Саманта скривила ротик в детской гримасе.

— Бернард сообщил, что мое финансовое положение далеко от идеального.

Марселла ощутила мимолетное удовлетворение. Она вспомнила свое поместье в пригороде Гаваны, убытки, которые она потерпела по милости того проклятого торговца дамскими туфельками, и почувствовала, что до некоторой степени отомщена теми трудностями, которые испытывает сейчас Саманта.

— Бернард в этих вещах хорошо разбирается, — ответила она.

— Он говорит, если депрессия на рынке сохранится еще некоторое время, дела могут стать даже хуже.

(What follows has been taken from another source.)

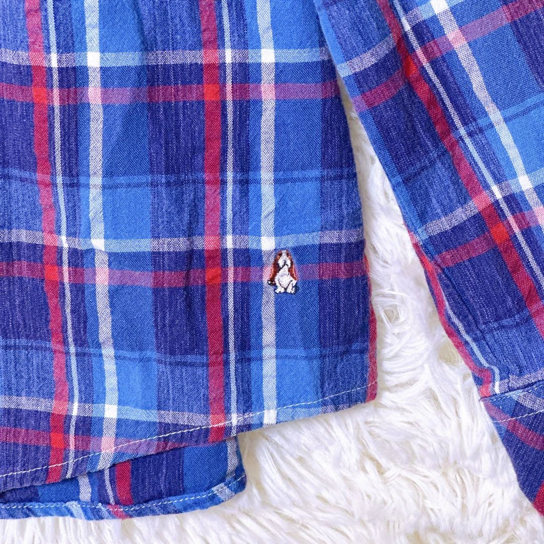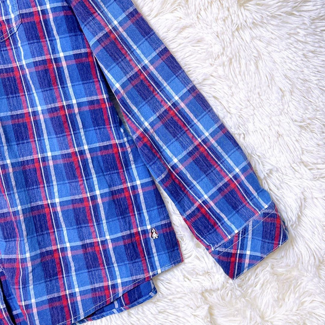 あたたかさハッシュパピーの青・赤・白チェック柄の長袖シャツです。ボタンアップとポケット付きのデザインです。 サイズ:LL(XL) 着丈:65cm 身幅:55cm 肩 幅:38cm 袖丈:59cm 写真にてご確認ください。 ご質問等ありましたら、購入前にお願いいたします。 ID n13

— Я не доверяю этому правительству, — призналась Марселла. — Инфляция уже здорово обесценила песо, и кто знает, к чему мы придем в дальнейшем. Да еще вся эта болтовня о помощи пеонам[63]. Вздор! Они не хотят, чтобы им помогали. У нищих мексиканцев просто нет честолюбия, куда им мечтать об улучшении своей судьбы. Я это знаю. То же самое было и на Кубе. Саманта, я предвижу день, когда мы будем вынуждены покинуть эту страну.

— О нет!

— Мне же пришлось бежать с Кубы, оставив там все свое имущество.

— Куда я денусь?

Марселла похлопала свою подругу по руке.

— Этого пока не случилось.

Саманта просветлела.

— Это верно, так что нет смысла предвосхищать столь ужасную перспективу, правда? Мы должны жить для настоящего, разве не так, Марселла? — Марселла с серьезным видом кивнула головой. — Давай я тебе лучше расскажу чем занималась в последнее время.

Марселла внимательно слушала: рассказ Саманты являлся или должен был являться тем обстоятельством, которое оправдывало ее столь неожиданный визит. Внезапно Марселле пришла в голову мысль, что этот визит каким-то, пока, правда, неизвестным, образом принесет выгоду и ей самой.

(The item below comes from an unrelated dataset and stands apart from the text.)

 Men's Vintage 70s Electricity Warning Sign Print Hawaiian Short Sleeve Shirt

— Марселла — мне пришлось распустить половину домашних слуг!

— Как ужасно!

— И сдать внаем «Морскую Звезду».

— Идея Бернарда?

— Он настаивает на определенных ограничениях. Мой «роллс» и «сандерберд» пойдут на продажу.

— Бернард в этом разбирается.

— И еще… никаких… никаких приемов…

— Нет! Без приемов Саманты Мур жизнь в Акапулько станет такой безотрадной и скучной!

Саманта приняла официальный вид, выпрямилась на стуле и строго переплела пальцы — маленькая грудь подана вперед, и под мягкой тканью синей блузы угадываются очертания сосков.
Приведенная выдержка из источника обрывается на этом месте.